Analysis and plotting of UK house prices

Introduction

This blog post attempts to analyse UK house price data from 2016 with multiple objective in mind

  • fun way to get started with pandas library
  • as well as plotting libraries seaborn and cartopy
  • try to identify trends
  • opportunities for value investing
  • input to buying decisions in unknown place

Load data into pandas dataframe and inspect the data

Import the required python libraries

# import the required libraries
%matplotlib inline
import pandas as pd
import matplotlib.pyplot as plt
import matplotlib.cm as cm
import numpy as np
import sys
import time
import calendar
import seaborn as sns
from scipy import stats

Get the purchase price data for 2016 from Land Registry

# get the purchase price data, obviously this step is required only once
#!wget http://prod.publicdata.landregistry.gov.uk.s3-website-eu-west-1.amazonaws.com/pp-2016.csv

Read the csv file into pandas dataframe, the data has no header so colnames adds column headers

# read the csv file into pandas dataframe, the data has no header so colnames adds column headers
colnames = ['tid','price','dateoftransfer','postcode','type','age','duration','PAON','SAON','street','locality','town','district','county','ttype','tstatus']
hp_df = pd.read_csv('./uk-houseprice-analysis/pp-2016.csv', names=colnames, parse_dates=True, dayfirst = True)

Inspect the data

# inspect the data in pandas dataframe
hp_df.head(3)
# length of the pandas dataframe
print "Number of records in the dataframe -", len(hp_df)
# show the stastical summary of the data
pd.options.display.float_format = '{:20,.2f}'.format
hp_df.describe()
#hp_df.dtypes

Number of records in the dataframe – 971782

Descriptive statistics of the dataset:-

price
count 971,782.00
mean 305,878.30
std 799,058.46
min 1.00
25% 136,500.00
50% 213,000.00
75% 335,000.00
max 96,840,522.00

unique values for a particular column

# unique values for a particular column
hp_df.town.unique()

array([‘BEDFORD’, ‘DUNSTABLE’, ‘RUSHDEN’, …, ‘LLANBEDRGOCH’,
‘LLANSANTFFRAID’, ‘DULAS’], dtype=object)

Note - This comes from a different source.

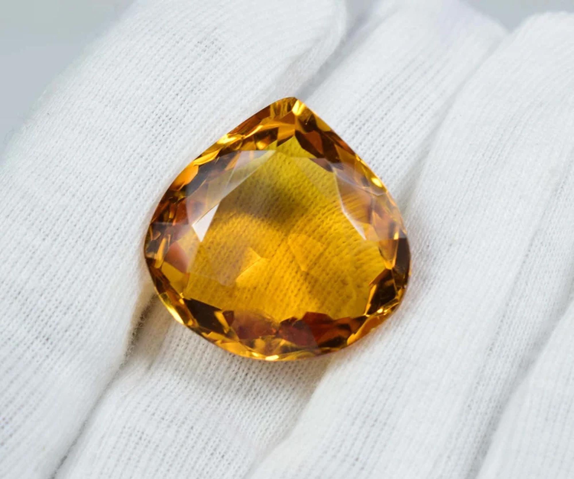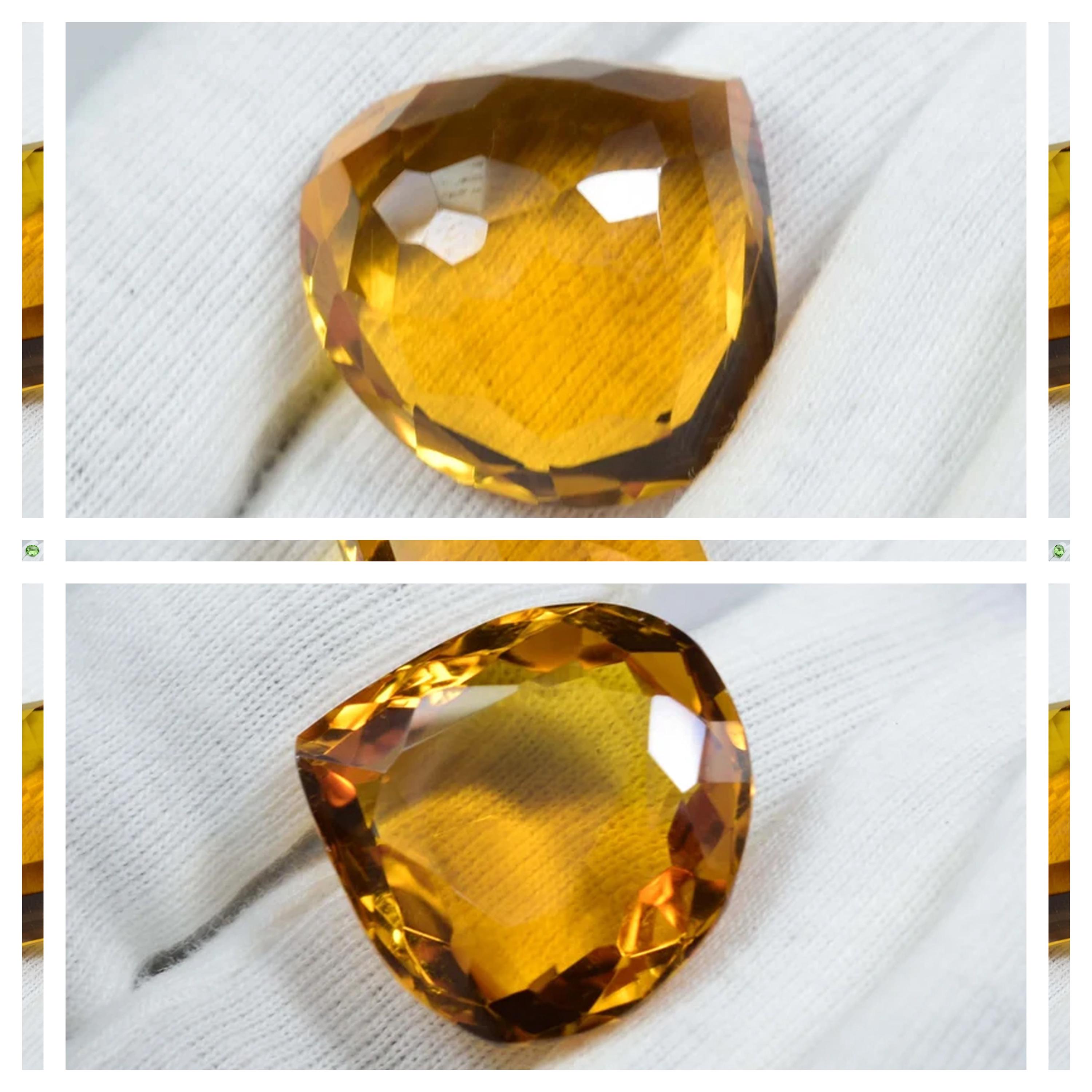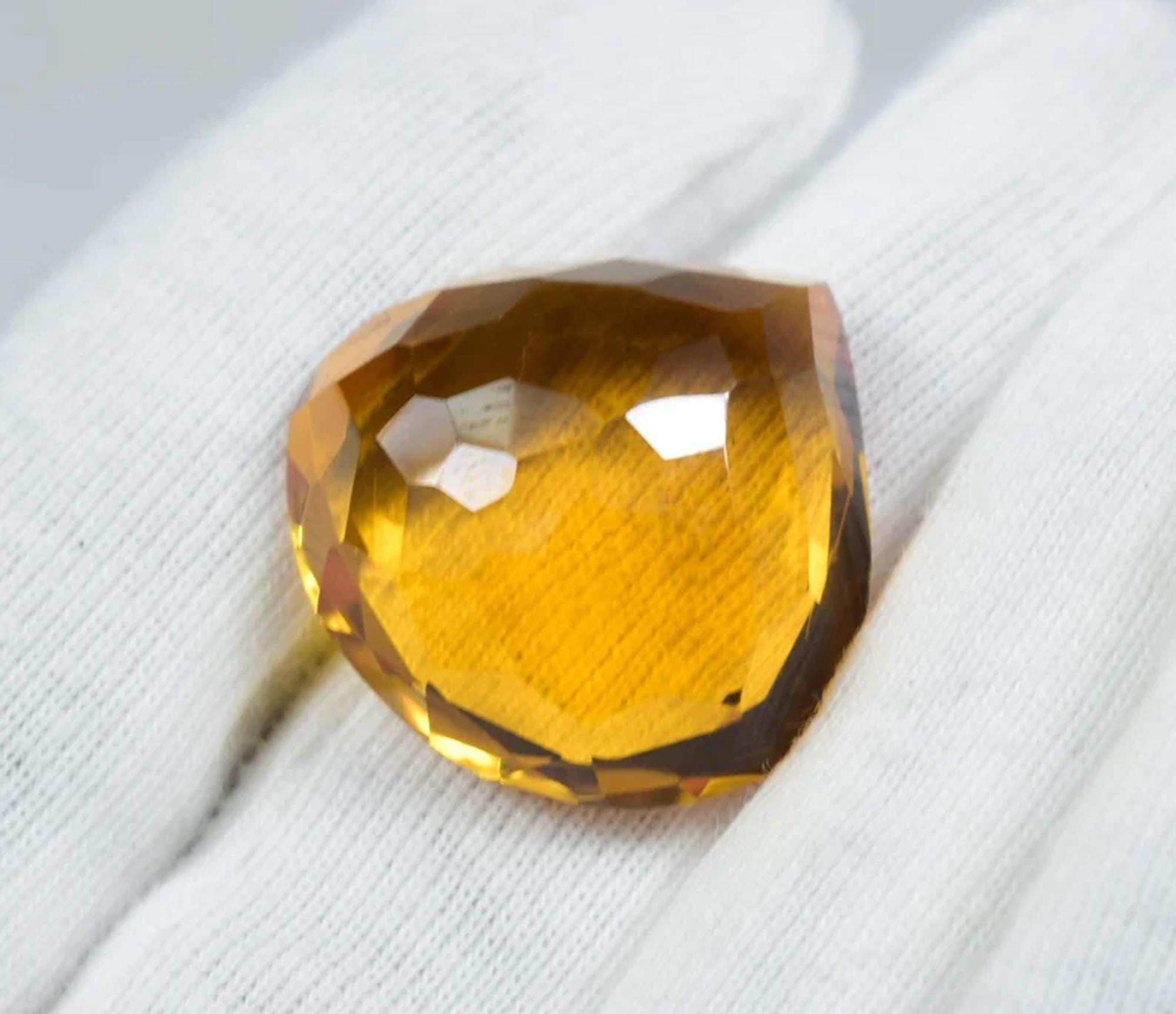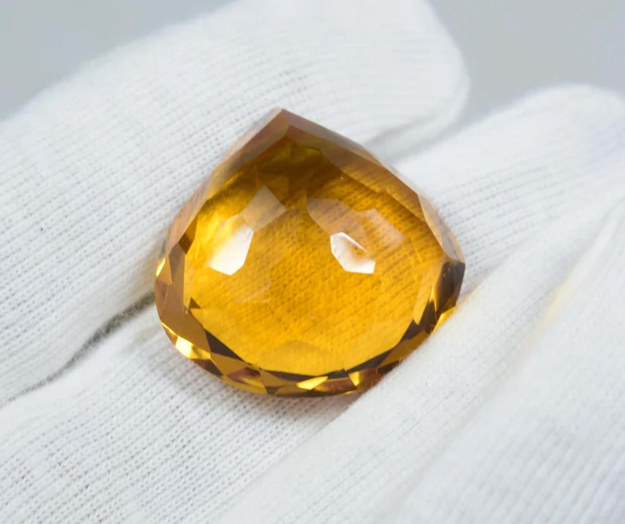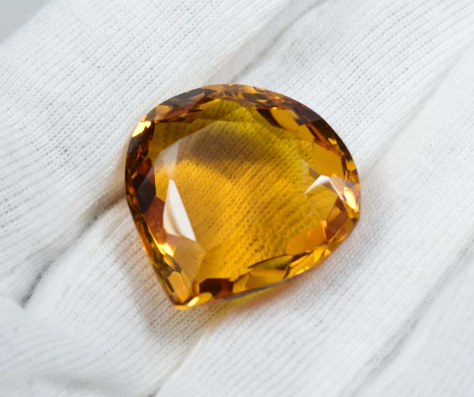Faceted Yellow Citrine Heart Stone: 50 Carat Pendant Gemstone

Download the postcode to lat/long mapping data,
this is required for plotting the house price data onto map

# this data downloaded from http://ons.maps.arcgis.com/home/item.html?id=a26683d2393743f4b87c89141cd1b2e8
# applied the following transformation
# import pandas as pd
# df = pd.read_csv('./NSPL_FEB_2017_UK.csv')
# df[['pcds','lat','long']].to_csv('pc-lat-long.csv')

# read the postcode to lat/long mapping data into dataframe
# this is required to do some cool plotting
ll_df = pd.read_csv('./uk-houseprice-analysis/pc-lat-long.csv')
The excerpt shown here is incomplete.